Even if we haven't hit the LLM ceiling, we've hit a ceiling on branding for sure. I'm interested to see where these names go next. Uberbeing! Omnipotence Plugin!
A great tool if you want your own unique voice to blend seamlessly into the tidal wave of LLM-generated mush flooding the internet.
Grammarly is a powerful writing assistant that offers grammar, punctuation, and style suggestions to improve your writing. It’s an essential tool for maintaining your unique voice in a world filled with generic, LLM-generated content. With Grammarly, you can ensure your words stand out and resonate amidst the noise.
I absolutely hate it when companies rename themselves. I know a company called an extremely stupid name by its young founder and they did not rename for decades and are now worth a bit short of $4T.

Why do the smaller ones constantly need to change their name. Like that changes anything in their substance.

Data point 1: They get a TechCrunch post out of it.
Moving to "AI" and away from a well-known brand smacks of desperation. Makes me wonder if the industry-wide trend of shoving AI into every product and feature, and channelling all investment into AI, is equally desperate.

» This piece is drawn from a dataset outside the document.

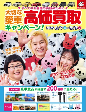 株式会社ラビット・カーネットワーク(本社:東京都江戸川区臨海町、代表取締役社長:山中 雅文)が運営する自動車買取・販売の「ラビット」では6月7日(土)~8月3日(日)まで『大切な愛車高価買取キャンペーン!』を実施いたします。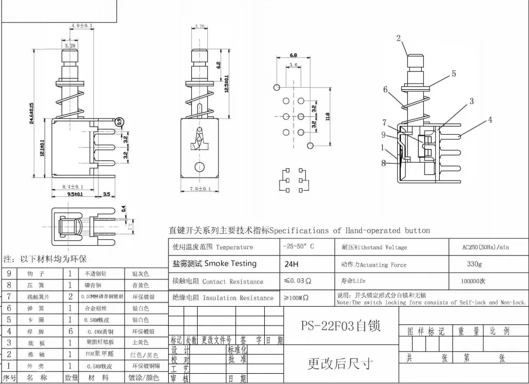 Comprar Interruptor de botón de enclavamiento PCB de ángulo recto, pulsador con tapa DPDT, doble Polo, interruptores de alimentación de llave autoblocante, 6 pines, A03, PS-22F03, 10 Uds.

One day, we will see a demand for services that are the opposite of "Superhuman". For example, a service like: "Deteriorate this text and make it look weirdly human. Add some typos and errors here and there, so that the final output looks 100% human-written."
The end state job for all the laid off office workers. A man can dream
Stop using Grammarly. There are better options available that don't exist just to collect your data to sell it to the highest bidder or feed it into an LLM.
Grammarly is a keylogger. It’s astounding any enterprise allows it to run on their endpoints.